## INFORMATION PROVIDED
-- Opening Marker --

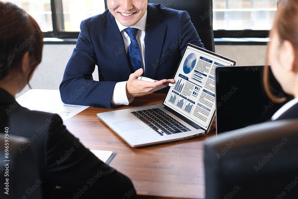 ノートパソコンで顧客に説明をするアジア人のビジネスマン
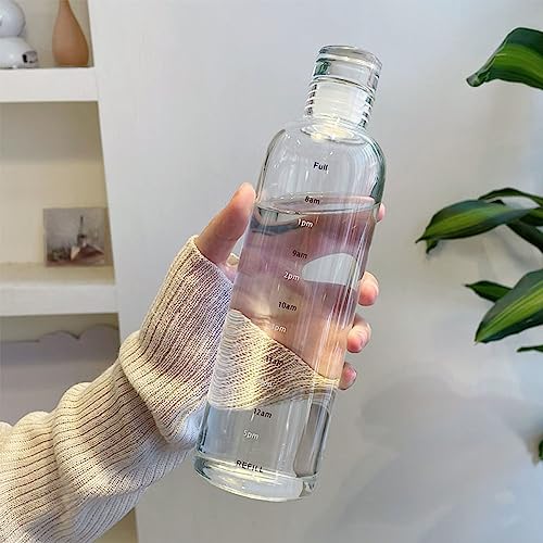 SHENGMEI - زجاجة مياه زجاجية شفافة من شينغمي، زجاجة مياه للشرب سميكة مقاومة للتسرب بسعة كبيرة ومطبوعة بمقياس زمني، تصلح لشرب الشاي من الزجاج عالية البورسليكات 500 مل.
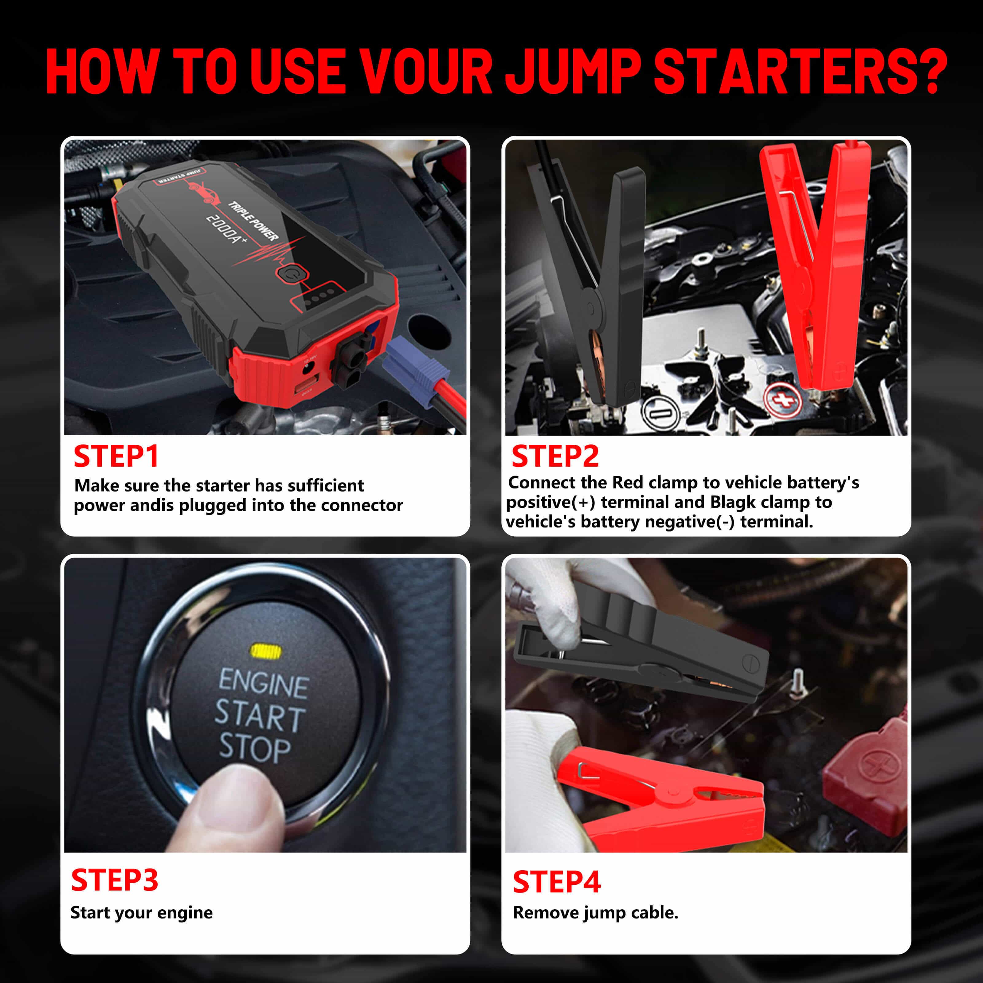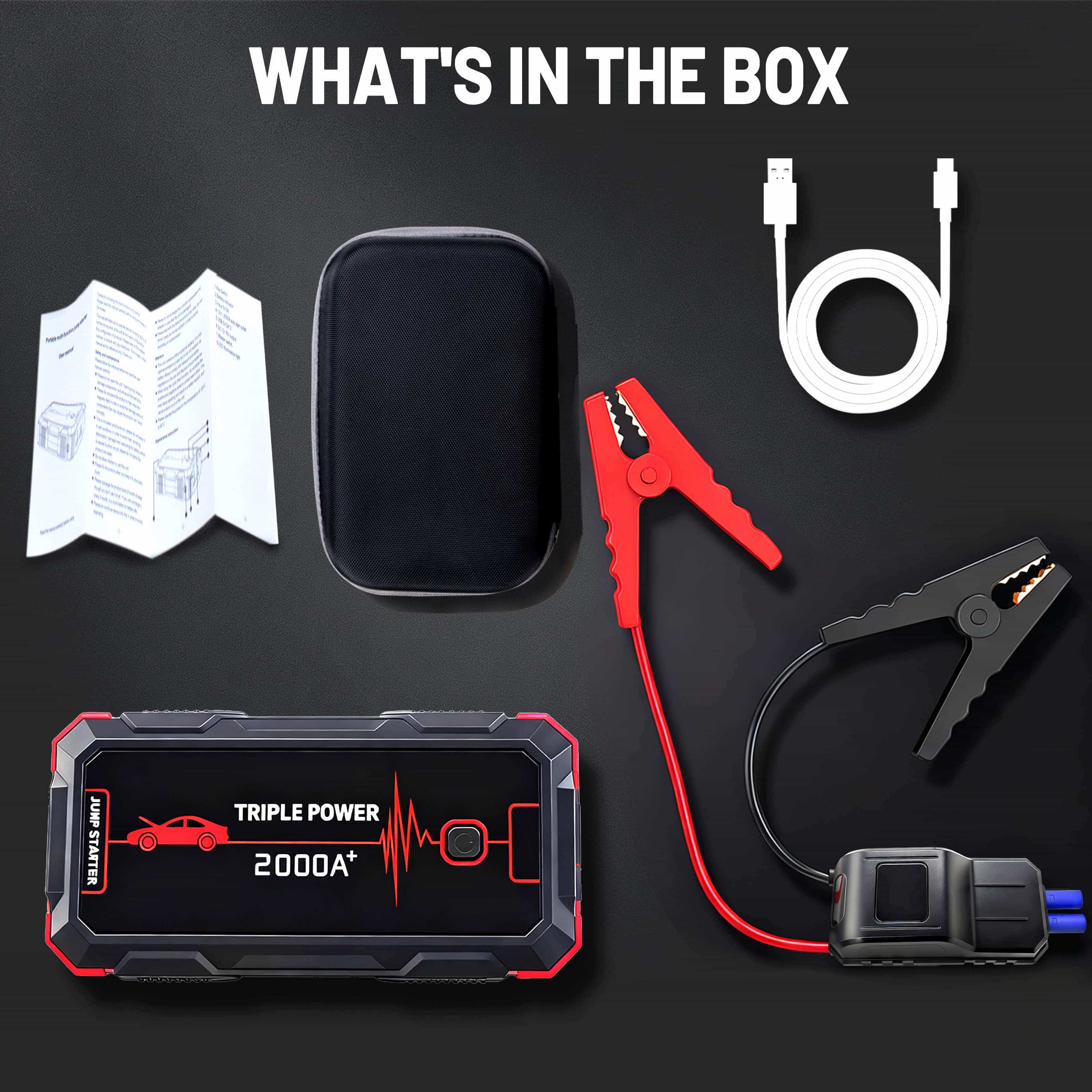 Powerful 2000 amp jump starter starts 10.0L gas and 10.0L diesel engines.

-- Closing Marker --

## ASSIGNED TASK
Give the complete material again, exactly as written. Do not include the pictures.

## RESPONSE TO THIS TASK
 ノートパソコンで顧客に説明をするアジア人のビジネスマン
 SHENGMEI - زجاجة مياه زجاجية شفافة من شينغمي، زجاجة مياه للشرب سميكة مقاومة للتسرب بسعة كبيرة ومطبوعة بمقياس زمني، تصلح لشرب الشاي من الزجاج عالية البورسليكات 500 مل.
 Powerful 2000 amp jump starter starts 10.0L gas and 10.0L diesel engines.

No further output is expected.